TFCBT is based on 14 evidence-based modules (units) that focus on such areas as coping skills, healthy sexuality and safety. Each is covered with either the young patient, his/her caregiver or jointly to address the disturbed thoughts caused by the trauma-producing event and how to correct them.
“It takes all that messed-up thinking that perpetuates the trauma and corrects it,” Harry says. “It gives as healthy of a review of the trauma as you can have.”
During training, clinicians are required to focus on a child who has been sexually traumatized but, according to Harry, the therapy program can be applied to any trauma and adapted for developmental level. A parent or other immediate caregiver (sometimes a foster parent or DSS representative) must be involved in the therapy and, in the best case, believes the child’s story of abuse and brings him/her in for treatment.
“The best predictor of how a child will do is whether he or she is believed, and then the caregiver responds appropriately by protecting the child and getting him or her help,” Watson says.
Occasionally, adult caregivers will find themselves dealing with their own unresolved issues. “Sometimes we have parents who have abuse issues they have never dealt with themselves,” Harry says.
In addition to addressing the actual abuse issue, TFCBT clinicians also work with their young patients on coping skills designed to help them identify and avoid future potentially abusive situations.

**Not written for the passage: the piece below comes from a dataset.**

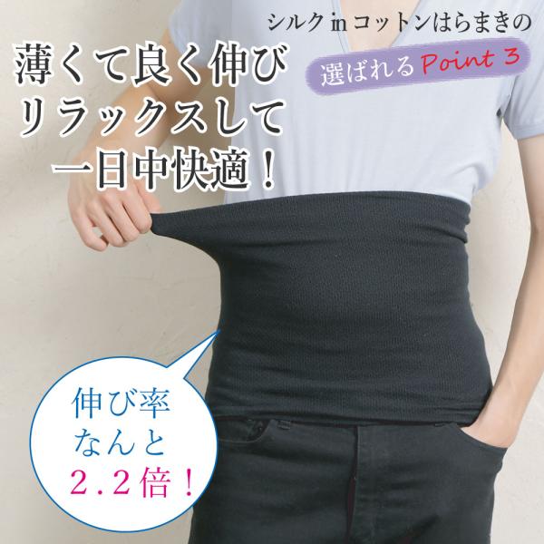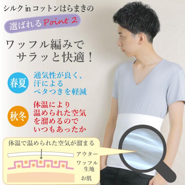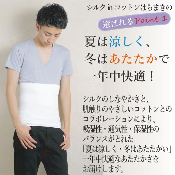 腹巻き メンズ シルク in コットン ロング はらまき 薄手 暖かい 冷え対策 春 夏用 オールシーズン 保温 2重 絹 綿 日本製
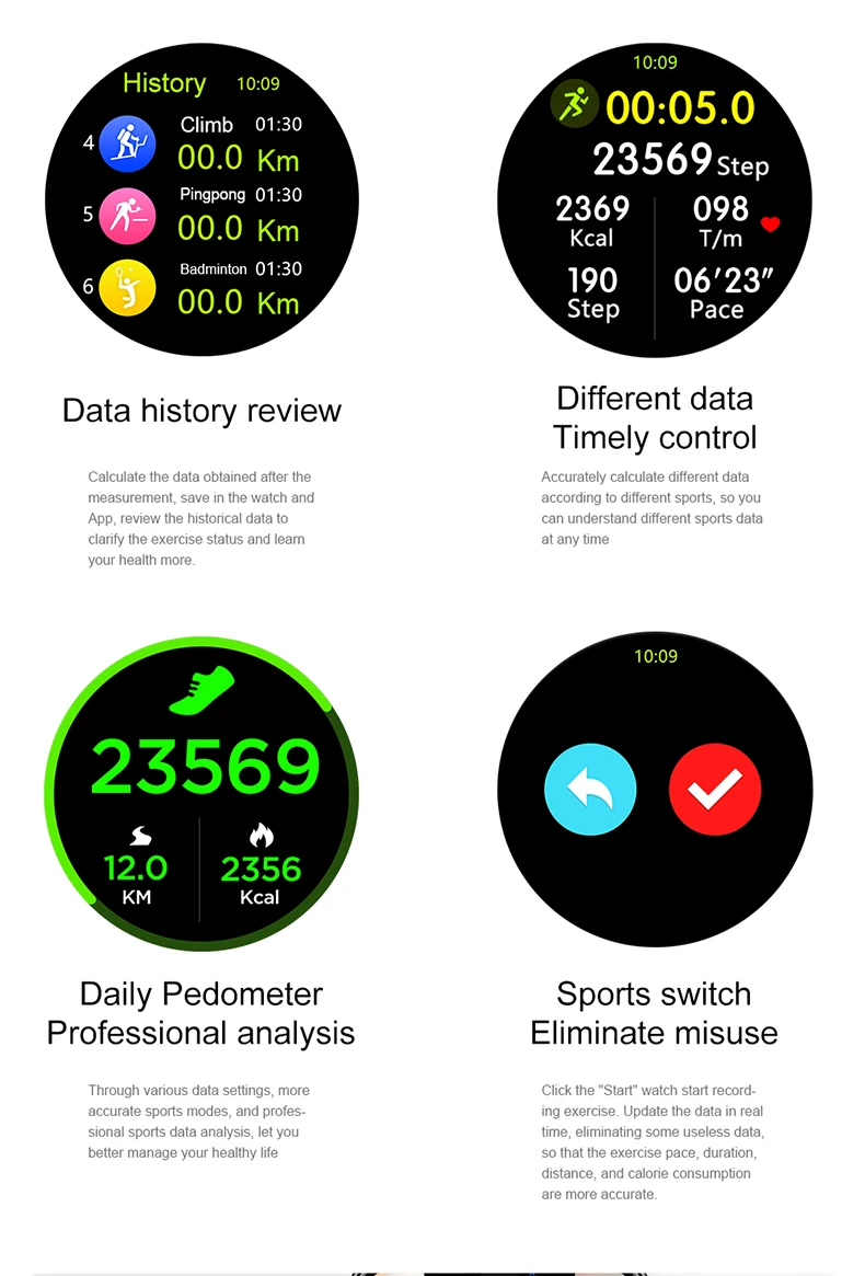 Нажмите кнопку «СТАРТ», чтобы начать запись. Обновите данные в режиме реального времени, устраняя некоторые бесполезные данные, так что упражнения темп. Длительность и потребление калорий являются более точными.

“We teach them skills so they can identify what doesn’t feel right to them and speak up,” Watson says. “We want them to return to that ‘uh-oh’ feeling and act on it. Part of the therapy program is talking about what happened and changing unhelpful thoughts to helpful thoughts.”
A mental health therapist with FirstHealth Behavioral Services since 2008, Harry has a B.A. in social work from Mercer University in Macon, Ga.; a B.A. in sociology from Florida Atlantic University in Boca Raton, Fla.; and a master’s degree in social work from Barry University in Miami Shores, Fla. In addition to her TFCBT certification, she is trained in critical stress management and provides individual, family and marriage/couples therapy to adults, adolescents and children.
Watson has been with FirstHealth Behavioral Services since 1996. She has a bachelor’s degree in nursing from Duke University’s School of Nursing and an M.S. degree in nursing from the University of North Carolina at Chapel Hill. In 2006, she earned a post-master’s certificate as a Family Psychiatric-Mental Health Nurse Practitioner, also from UNC-Chapel Hill. In her current role, she provides psychotherapy and medication management to children, adolescents, adults and families in outpatient settings.
According to the National Center for PTSD, American child protection service programs get around 3 million reports of traumatic events affecting some 5.5 million children each year. Of the reported cases, there is proof of abuse in about 30 percent with 65 percent of that number involving neglect, 18 percent involving physical abuse, 10 percent sexual abuse and 7 percent mental abuse.
Between 3 million to 10 million children witness family violence each year, and around 40 to 60 percent of those cases involve child physical abuse.
It is believed that two-thirds of child abuse cases go unreported.